Once the restrictions are in place, don't forget to test them. More importantly, test data migration from versions without the restrictions to versions with the restriction to catch any data that has already strayed.
3) Keep expanding your regression test suite as defects are reported.
This is an easy one, you don't even have to find your own bugs! As data problems are found and reported, try to add them to your suite of regression tests. While automated tests are preferable for this, even a list of data combinations to try in manual testing is better than nothing.
The most important thing is to add the necessary data to whatever database you are using for testing, and use it. Take the time to do a little exploratory testing around the defect scenario to see if you can catch any other issues revealed by that data combination.
4) Exploratory testing.
This one can be difficult, especially if you've been looking at a lot of the same program functionality over and over again for years like I have.
The idea is to try different ways to break out of the 'normal' success path testing mindset, and test the software in different ways and data
combinations. As I mentioned before, it it's allowed there's a chance someone will try it, so try to get away from the 'nobody would ever do that!' mindset for at least a few minutes. Talk to customer support and see if any end users are known for pushing the boundaries of the software, then take a look at their data if you can. Read industry publications, competitor news, or occasionally even your own corporate website to see what marketing is trying to tell people your software will do.
5) Use customer data.
This one overlaps with the exploratory testing point.

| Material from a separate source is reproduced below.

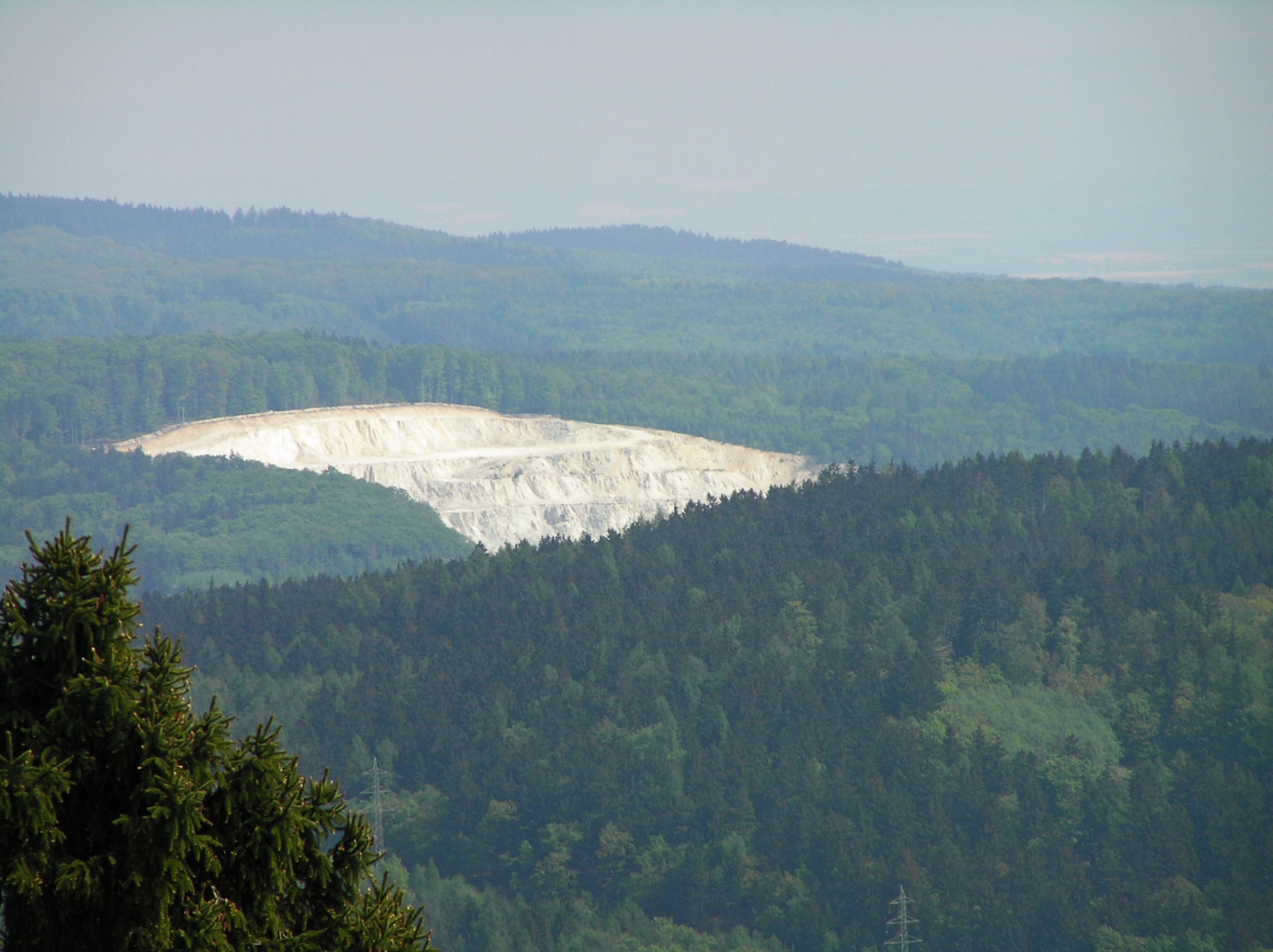 Taunus-Quarzitwerke, Köppern, Friedrichsdorf, Germany, view from Herzberg

If you can get your hands on some representative customer databases that use a lot of the functionality your software offers, spend some time getting to know their data. Test the same test cases you're familiar with on a different data set, see if they are handled differently. Stop and think: "What mindset does this data represent? Can I apply it back to my familiar data?"

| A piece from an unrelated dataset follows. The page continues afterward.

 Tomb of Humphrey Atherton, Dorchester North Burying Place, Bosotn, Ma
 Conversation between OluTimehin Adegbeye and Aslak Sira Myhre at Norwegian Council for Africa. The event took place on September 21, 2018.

If you have customer representatives who work directly with the customer they can be a big help here.
Another test to try here is to upgrade several sets of customer data between software versions. As seen in the example I first mentioned, this often
finds data scenarios that the person writing the upgrade scripts didn't think of.
6) Pairwise testing
This is a particularly useful tool to have in your back pocket when dealing with large sets of data that can be combined.
Any time I have more than 3 discrete sets of data being combined into a single scenario, I consider this approach.

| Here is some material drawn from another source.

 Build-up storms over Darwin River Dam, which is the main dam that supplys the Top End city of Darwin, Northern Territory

However, if the individual data sets are very large, and/or have interdepencies and restrictions, I find that it loses its usefulness.
7) Fuzzing and semi-random data sets
Don't have enough data? Make some up! Free tools such as http://www.generatedata.com/#about can be used to generate data sets within certain parameters that you can use to test your application with (e.g. addresses, names, integers, strings). The TestComplete testing tool that I use comes with its own data generator also, or if you're handy with scripting you can write your own.
Fuzzing is a similar principle, but automatically applies large numbers of semi random inputs to the program.
I must admit, though, while both of these can be useful for stress tests, I haven't had much luck in applying them to create realistic scenarios.
Hopefully this has given you a few ideas to start with. One thing I can guarantee you is that customers will continue to find ways to break your software that you could never have imagined. Don't feel too bad about it, add each problem to your testing repertoire, and make up your mind that that's one bug that won't slip by you again!